Adjusted EBITDA (Most comparable GAAP Measure: Net income) - Earnings before interest expense, investment interest income, income taxes, depreciation, amortization, non-cash stock-based compensation expense, fair value adjustments to strategic investments and marketable securities, transaction costs related to acquisitions and investments, and other unusual, non-recurring pre-tax items that are not considered representative of our underlying operating performance (identified and listed below in the reconciliation).
Adjusted EBITDA margin (Most comparable GAAP Measure: Net income margin) – Adjusted EBITDA as a percentage of net sales.

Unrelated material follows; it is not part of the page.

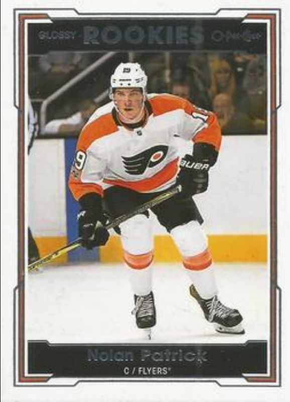 The Nolan Patrick 2017 Upper Deck #R-7 2017 O-Pee-Chee Update Glossy Rookies card is 1 of 40 Nolan Patrick's card variations in the 2017 Upper Deck set being tracked by Sports Card Investor, including Young Guns Base, Young Guns Canvas, Gold Rainbow Foil, Silver Foil, and Young Guns - Clear Cut.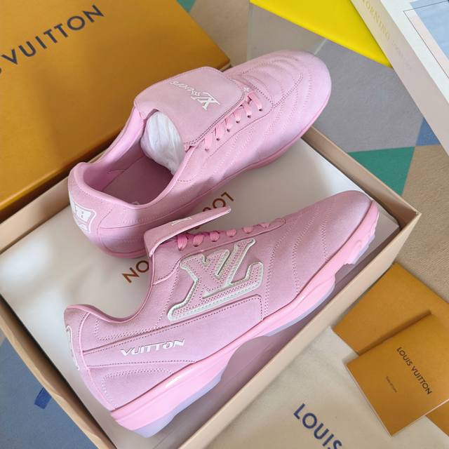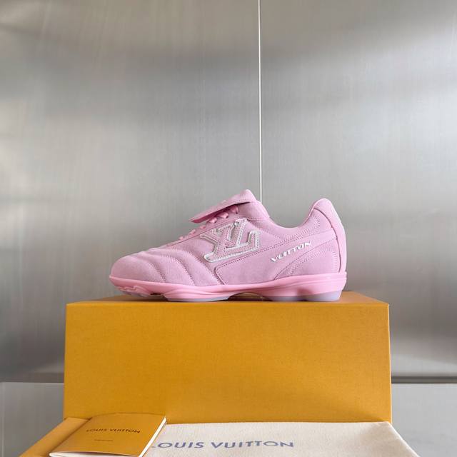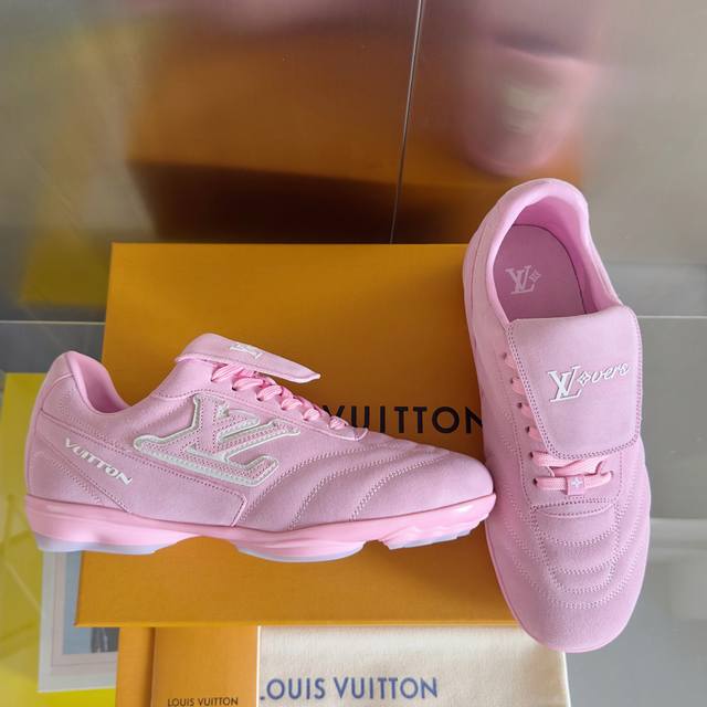 顶级版本:情侣款 Lv路易威登L家 驴牌 最新Footprint系列 情侣款 足球运动鞋 休闲 跑鞋原版购入开发 做货 这款 Footprint Soccer 运动鞋于2025春夏系列时装展中亮相,是Pharrell Williams 首次以足球鞋为灵感设计的运动鞋。鞋款的灵感来自跨越世代和文化的足球运动,呼应2025春夏系列时装展团结一致、全民参与的主题。鞋款以流丽的设计著称,侧面以富动感的Iv Initials标志点缀,鞋舌缀有灵感来自足球队伍的Lvers United徽章,而脚掌纹橡胶鞋底饰有多款路

Non-GAAP Net Income (Most comparable GAAP Measure: Net income) - Net income excluding the costs of non-cash stock-based compensation, gain/loss/write-down/disposal/abandonment of property, equipment and intangible assets; fair value adjustments to strategic investments and marketable securities; transaction costs related to acquisitions and investments; costs related to the Federal Trade Commission (“FTC”) litigation and antitrust litigation and other unusual, non-recurring pre-tax items that are not considered representative of our underlying operating performance (listed below). The Company tax-effects non-GAAP adjustments using the blended statutory federal and state tax rates for each period presented.
Non-GAAP Diluted Earnings Per Share (Most comparable GAAP Measure: Earnings Per share) - Measure of Company's Non-GAAP Net Income divided by the weighted average number of diluted common shares outstanding during the period presented.
Free Cash Flow (Most comparable GAAP Measure: Cash flow from operating activities) - Cash flows provided by operating activities minus purchases of property and equipment and intangible assets.
Adjusted Free Cash Flow (Most comparable GAAP Measure: Cash flow from operating activities) - Cash flows provided by operating activities minus purchases of property and equipment and intangible assets, excluding the net impact of investments in our new Scottsdale, Arizona campus and bond premium amortization.
oWe believe that free cash flow and adjusted free cash flow excluding the impact of bond premium amortization and net campus investment are non-GAAP measures that are useful to investors and management to evaluate the Company’s ability to generate cash. These non-GAAP measures can also be used to evaluate the Company’s ability to generate cash flow from operations and the impact that this cash flow has on the Company’s liquidity.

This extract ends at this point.